Azure SQL Database Monitoring with OpenTelemetry - DTU, Connections & Deadlocks
Overview
This guide covers monitoring an Azure SQL Database (the managed PaaS) with
the OpenTelemetry Collector's azure_monitor receiver. The collector polls
Azure Monitor's REST API every 60 seconds for the metrics published by
Microsoft.Sql/servers/databases, transforms them to OTel-style names, and
ships them via OTLP/HTTP to base14 Scout.

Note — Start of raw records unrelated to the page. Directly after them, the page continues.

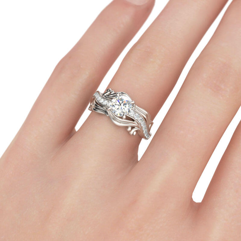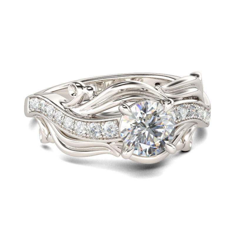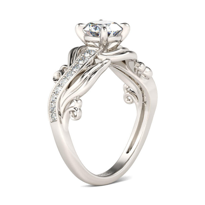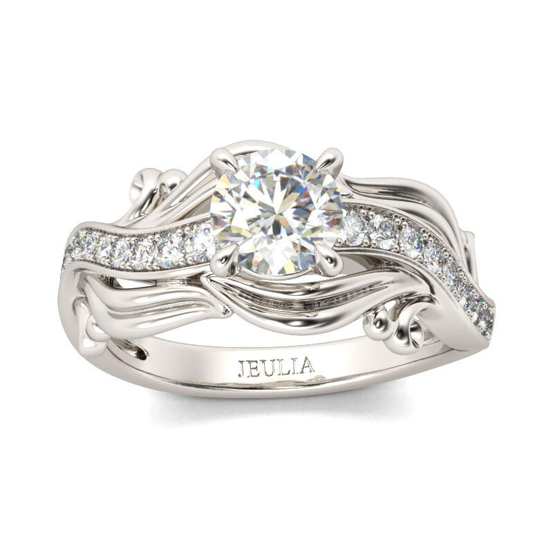 Unique and elegant, this ring will be an eye-catcher everywhere. Crafted in sterling silver, the ring features a round-cut center stone set on a wavelike shank. Along the shank, a line of shimmering round stones are set to add sparkle to the ring. Adorned with the unique leaf design, the ring will show an exquisite and feminine look on your finger. Treat yourself or surprise her with this stunning piece this holiday.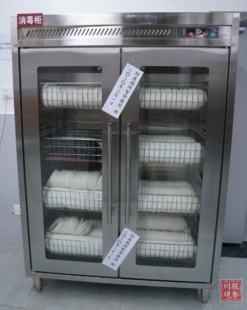 记者看到,食堂公共餐具柜已被贴上了封条、暂停提供公用餐具,大部分干部都根据要求从家里自带餐具。对忘带餐具的,食堂也可提供一次性饭盒。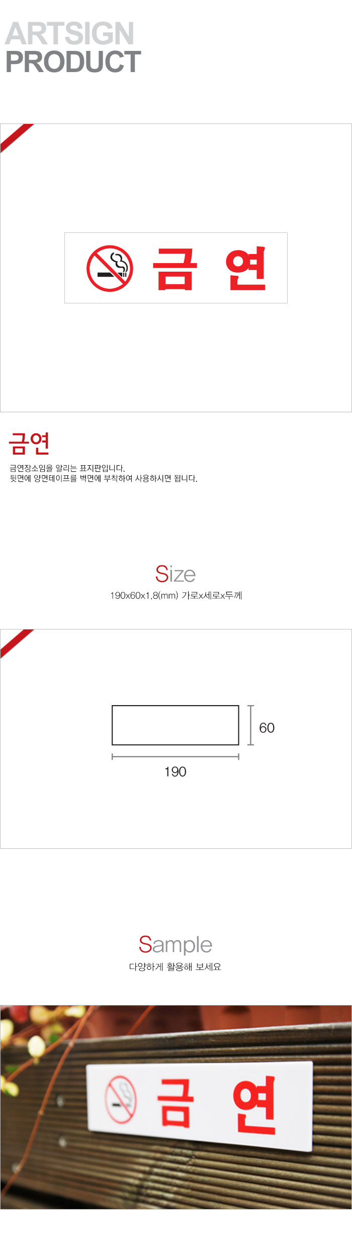 상품크기 190x60x1.8 (mm) 가로x세로x두께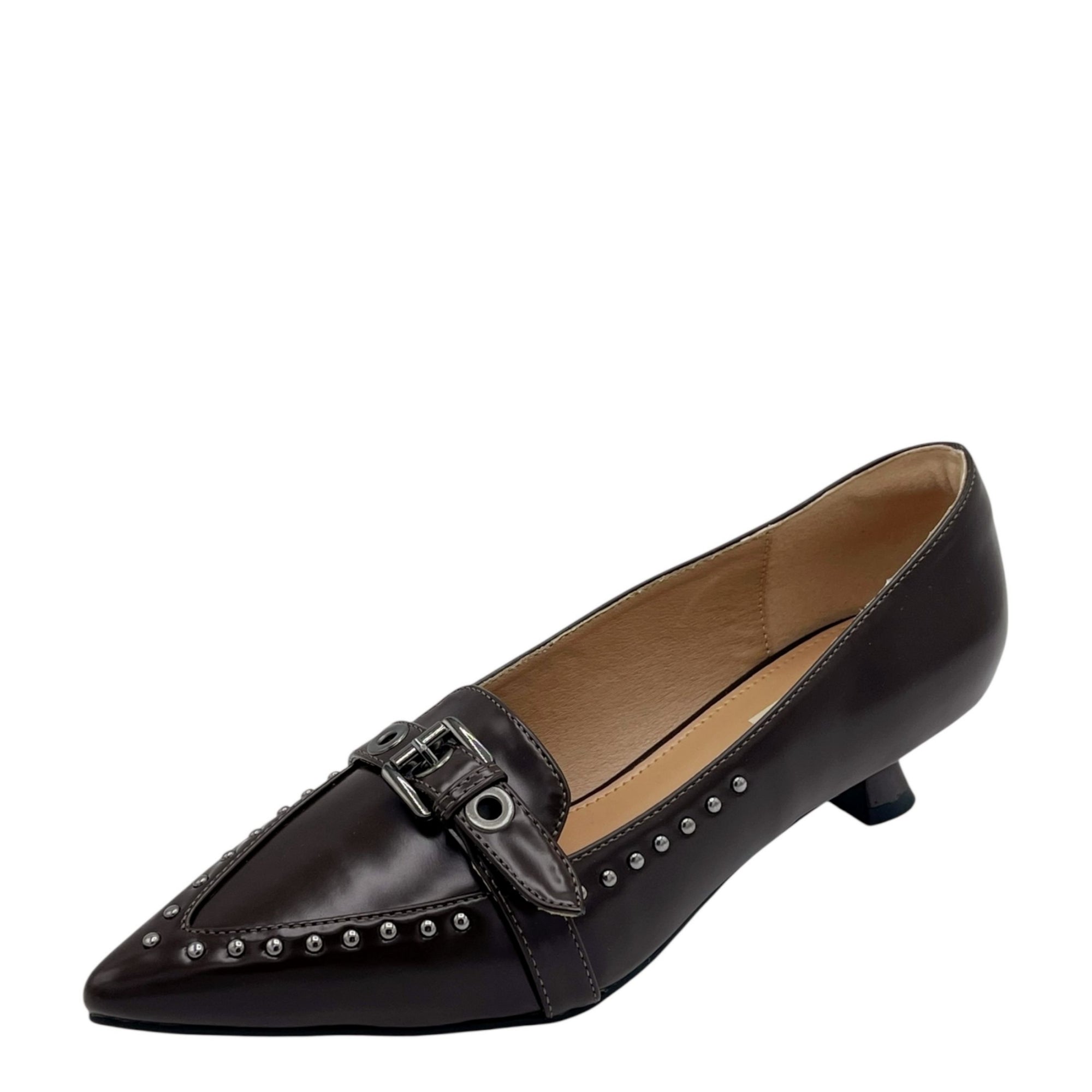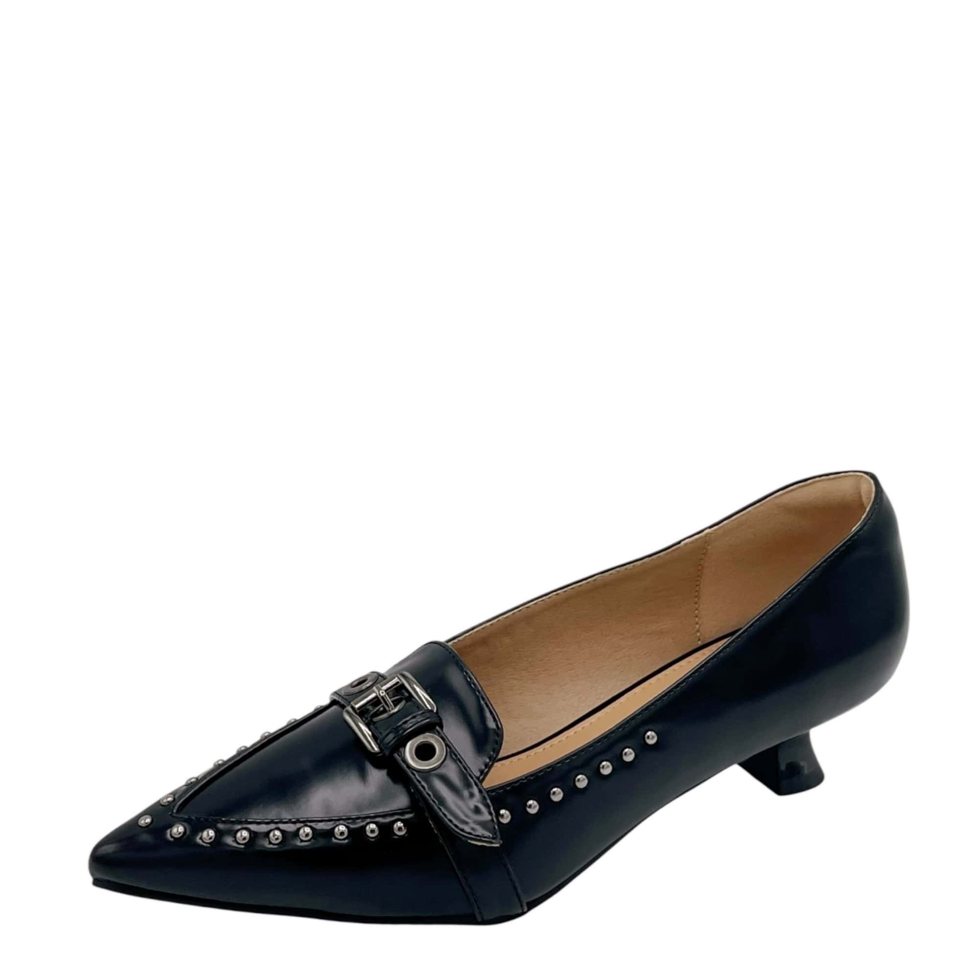 Le scarpe HAZEL FW25 presentano un tacco di 4 cm che assicura comfort e stile. La punta affusolata conferisce un design elegante, mentre le borchie sulla tomaia aggiungono un tocco di carattere moderno. Il cinturino regolabile con fibbia argento garantisce una calzata sicura e personalizzata. Realizzate in ecopelle liscia di alta qualità, offrono inoltre una fodera morbida che avvolge il piede con delicatezza, ideale per chi cerca qualità e raffinatezza in ogni dettaglio.

The azure_monitor receiver does not connect to SQL directly. It queries
Azure Monitor's metrics surface for any database Azure auto-publishes to — so
the same pattern applies across all SKUs (DTU model, vCore, Serverless,
Hyperscale), single databases and elastic pools, and to other Azure
services like Cosmos DB, Storage, and Service Bus. The configuration shape
below generalises to those.
Self-hosted SQL Server vs Azure SQL Database
If you run SQL Server yourself — on a VM, on-premises, or in a container —
use the self-hosted SQL Server guide instead.

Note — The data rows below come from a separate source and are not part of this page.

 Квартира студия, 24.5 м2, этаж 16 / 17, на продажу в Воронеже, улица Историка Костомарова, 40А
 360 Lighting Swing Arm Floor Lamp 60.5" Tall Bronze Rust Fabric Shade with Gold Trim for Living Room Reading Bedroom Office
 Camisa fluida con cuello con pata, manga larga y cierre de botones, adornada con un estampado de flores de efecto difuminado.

That path uses the OTel sqlserverreceiver to scrape Dynamic Management
Views (DMVs) directly, which works without an Azure subscription and surfaces
internals (query plans, wait stats, buffer cache hit ratio) that Azure
Monitor doesn't expose.
| Surface | Mechanism | Subscription | Internals |
|---|---|---|---|
| Azure SQL Database (PaaS) | azure_monitor receiver, this guide | Required | DTU, connections, storage |
| SQL Server (VM / on-prem / container) | sqlserverreceiver, other guide | Not required | DMV scrapes — wait stats, query plans, buffer pool |
Pick exactly one per database. Running both against the same workload produces double-counted dashboards because the metric names overlap with different dimensions.
What you'll monitor
Two Azure namespaces, scraped together on each poll:
Microsoft.Sql/servers/databases— per-database metrics: DTU, connections, storage, deadlocks, replication lag, in-memory OLTP usage.Microsoft.Sql/servers/elasticPools— pool-level capacity and saturation. Omitted if no elastic pools exist on the target server.

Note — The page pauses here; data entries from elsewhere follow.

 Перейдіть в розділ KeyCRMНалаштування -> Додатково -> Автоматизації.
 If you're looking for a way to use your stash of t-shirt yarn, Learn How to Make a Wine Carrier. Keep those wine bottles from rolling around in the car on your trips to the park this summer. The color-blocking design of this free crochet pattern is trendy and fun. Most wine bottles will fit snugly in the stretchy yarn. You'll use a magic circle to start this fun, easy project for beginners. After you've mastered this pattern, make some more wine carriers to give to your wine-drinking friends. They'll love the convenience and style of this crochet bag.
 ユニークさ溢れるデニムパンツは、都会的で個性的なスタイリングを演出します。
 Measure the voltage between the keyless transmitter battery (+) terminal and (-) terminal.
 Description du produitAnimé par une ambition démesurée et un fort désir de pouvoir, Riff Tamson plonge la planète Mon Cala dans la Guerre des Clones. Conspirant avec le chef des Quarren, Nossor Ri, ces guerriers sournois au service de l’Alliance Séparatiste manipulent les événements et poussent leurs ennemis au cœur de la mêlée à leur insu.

The receiver emits one OTel metric per Azure aggregation; for example,
dtu_consumption_percent becomes azure_dtu_consumption_percent_average,
azure_dtu_consumption_percent_maximum, and azure_dtu_consumption_percent_minimum.
Metrics with both Total and Count aggregations (e.g., connection_successful)
emit two OTel series — pick whichever you prefer for dashboards; they carry
the same information at the per-minute grain.
Database-level (Microsoft.Sql/servers/databases)
| Azure REST name | OTel emitted | Unit | What it tells you |
|---|---|---|---|
cpu_percent | azure_cpu_percent_{average,maximum,minimum} | Percent | Database CPU usage. Page at sustained 80%+. |
dtu_consumption_percent | azure_dtu_consumption_percent_* | Percent | Composite DTU saturation (DTU model only). |
dtu_used / dtu_limit | azure_dtu_used_* / azure_dtu_limit_* | DTU | Absolute DTU consumption + tier ceiling. |
log_write_percent | azure_log_write_percent_* | Percent | Write-log throughput saturation. |
physical_data_read_percent | azure_physical_data_read_percent_* | Percent | Read-IO saturation (page reads from storage). |
storage | azure_storage_{average,maximum,minimum} | Bytes | Allocated storage in bytes. |
storage_percent | azure_storage_percent_* | Percent | % of maxSizeBytes used. Alert at 80%. |
sessions_percent | azure_sessions_percent_* | Percent | Sessions vs. tier ceiling. |
workers_percent | azure_workers_percent_* | Percent | Workers vs. tier ceiling. |
connection_successful | azure_connection_successful_{count,total} | Count | Successful connections per minute. |
connection_failed | azure_connection_failed_* | Count | Failed connections — only emitted when non-zero. |
blocked_by_firewall | azure_blocked_by_firewall_* | Count | Connections rejected by server firewall rules. |
deadlock | azure_deadlock_* | Count | Deadlock count — page on any non-zero. |
availability | azure_availability_* | Percent | Database availability % (PT1H grain). |
replication_lag_seconds | azure_replication_lag_seconds_* | Seconds | Geo-replication / active geo-replication lag. Premium / Business Critical / Hyperscale / geo-replicated only. |
xtp_storage_percent | azure_xtp_storage_percent_* | Percent | In-memory OLTP storage. Premium / Business Critical only. |
Pool-level (Microsoft.Sql/servers/elasticPools)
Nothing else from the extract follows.